Feds give customs agents free hand to seize travelers’ documents

(09-23) 17:06 PDT SAN FRANCISCO — The Bush administration has overturned a 22-year-old policy and now allows customs agents to seize, read and copy documents from travelers at airports and borders without suspicion of wrongdoing, civil rights lawyers in San Francisco said Tuesday in releasing records obtained in a lawsuit.

The records also indicate that the government gives customs agents unlimited authority to question travelers about their religious beliefs and political opinions, said lawyers from the Asian Law Caucus and the Electronic Frontier Foundation. They said they had asked the Department of Homeland Security for details of any policy that would guide or limit such questioning and received no reply.

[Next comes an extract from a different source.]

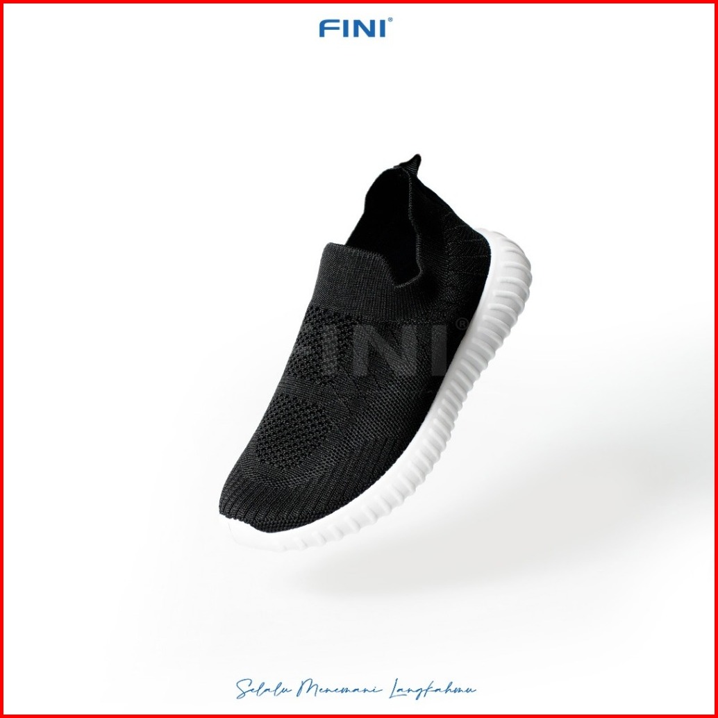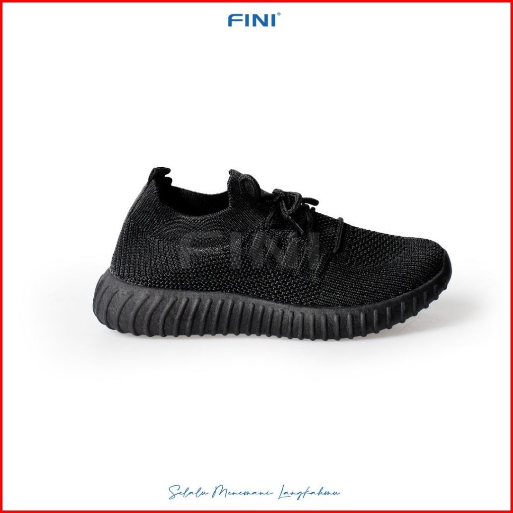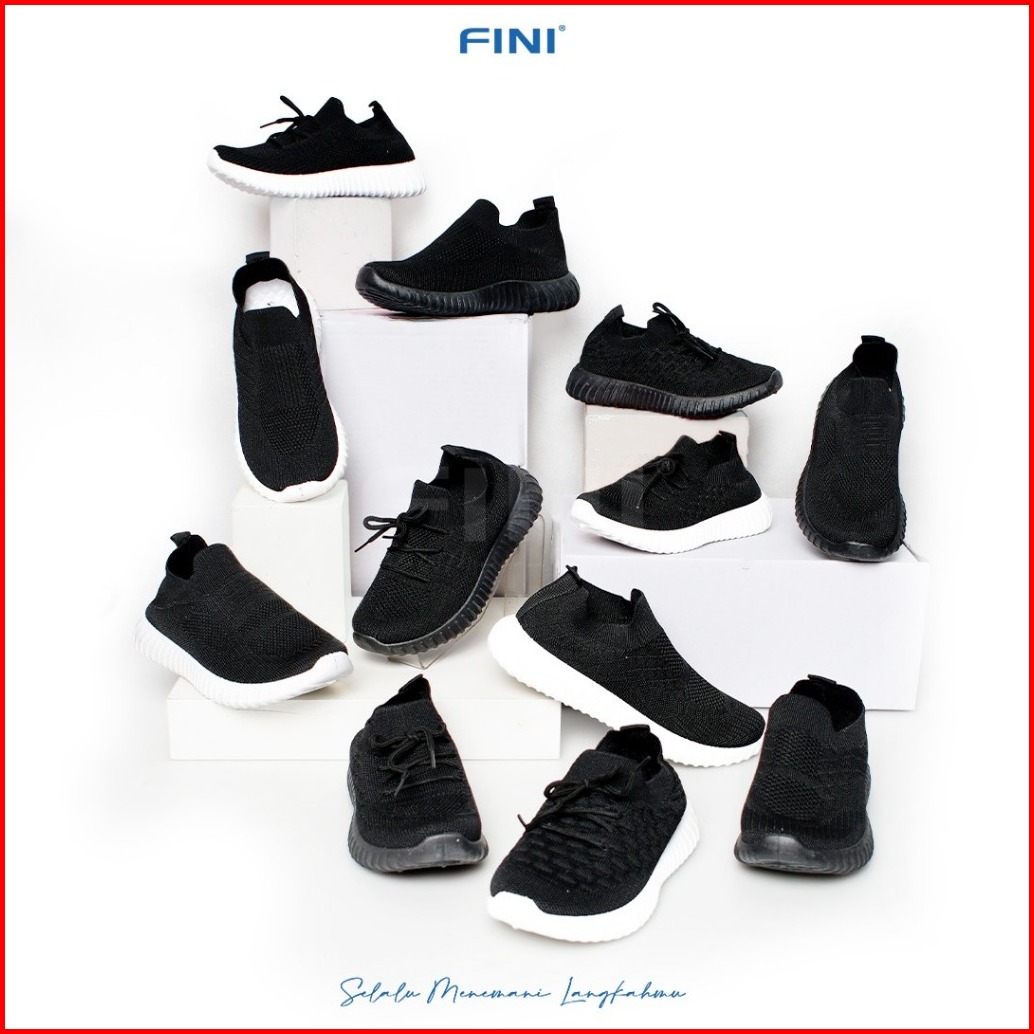 Fini Sepatu Sekolah Hitam Anak Laki Laki Perempuan Rajut Sd-smp Slip On Warna Hitam Hitam Lis Putih Size 34-39 Usia 9-13

How can anyone find this even remotely acceptable under the Constitution? Note that it doesn’t appear to even limit the policy to foreign (non-American) travelers. When you combine this with the Ninth Circuit’s earlier decision, the Bush Administration is blatantly ignoring the Fourth Amendment which states:

The right of the people to be secure in their persons, houses, papers, and effects, against unreasonable searches and seizures, shall not be violated, and no Warrants shall issue, but upon probable cause, supported by Oath or affirmation, and particularly describing the place to be searched, and the persons or things to be seized.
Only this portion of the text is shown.